My only living link with the First World War was my maternal step-grandfather, James Aloysius Kelly, a diminutive house painter who maintained his good nature despite advancing age and dedicated drinking. I wish I had paid better attention as a child, as only two of Kelly’s war stories survive in memory. In one, he described a restaurant near the Army base where he underwent basic training in 1917. In the window hung a sign: “No Dogs or Irish.” The other is set in France. His unit had pitched camp in a beet field, where Kelly and other doughboys staged a beet fight. No recollections of combat, as with my father in the next war.
More than nine million died in four years, exceeding five-thousand five-hundred for every day of the war, an unprecedented slaughter exceeded two decades later. On Tuesday I asked three of my fifth-grade reading students what Veterans Day was about. “Soldiers,” one said. Had they ever heard of Armistice Day? No recognition. What about Verdun, the Marne and the Somme? Who fought whom? Nothing, as though the Great War had never happened.

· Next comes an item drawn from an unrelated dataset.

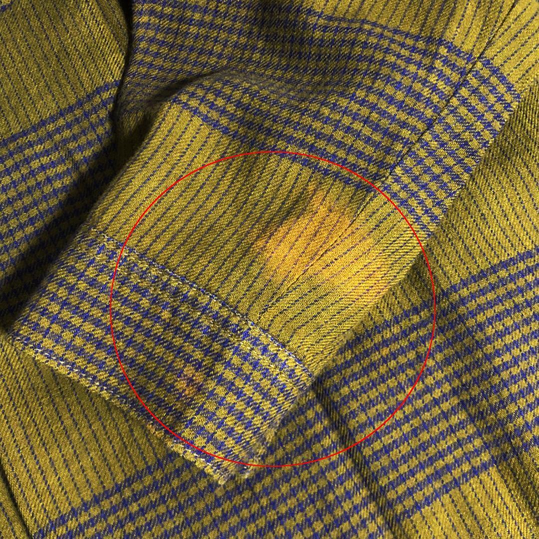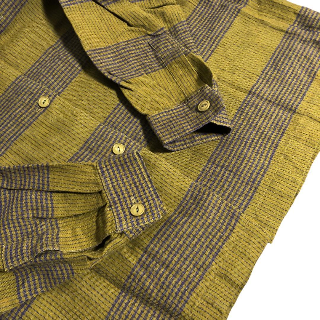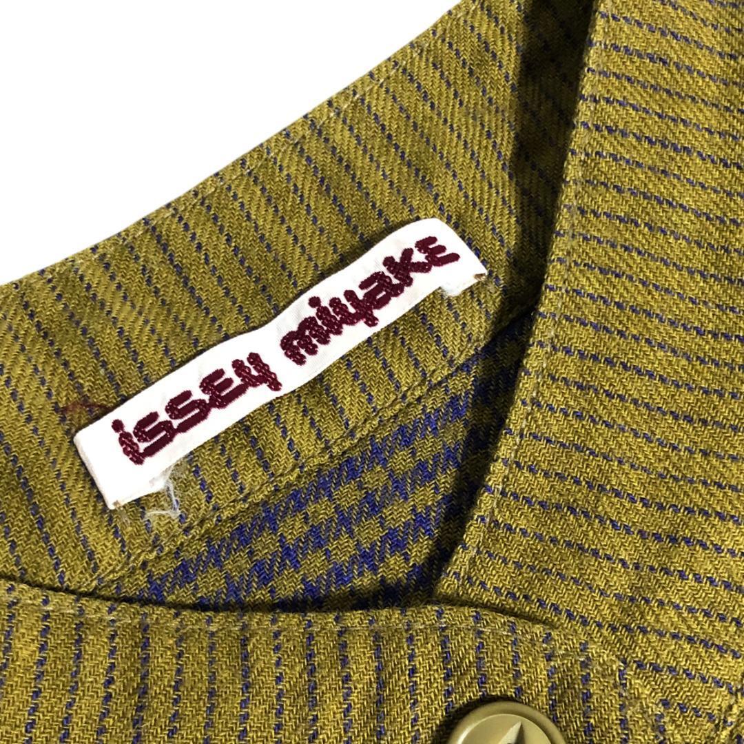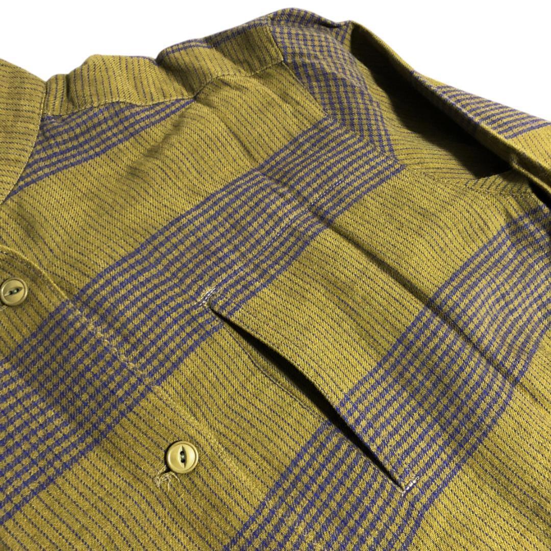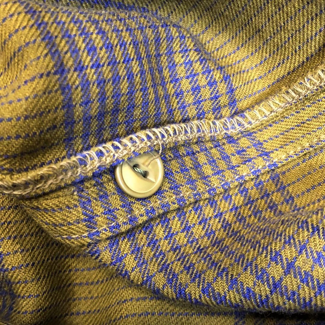 70s ISSEY MIYAKE イッセイミヤケ 初期タグ スタンドカラー シャツ チェック 長袖 カーキ 青 アーカイブ オーバーサイズ レディース M6

As a private in the Royal Welch Fusiliers, the Welsh poet and artist David Jones served on the Western Front from December 1915 to March 1918. In Part 7 of In Parenthesis he writes:
“The memory lets escape what is over and above---
as spilled bitterness, unmeasured, poured-out,
and again drenched down---demoniac-pouring:
who grins who pours to fill flood and super-flow insensately,
pint-pot---from milliard-quart measure.”
Another of Kelly’s war stories comes to me: “Ypres” he pronounced “YIP-pers.”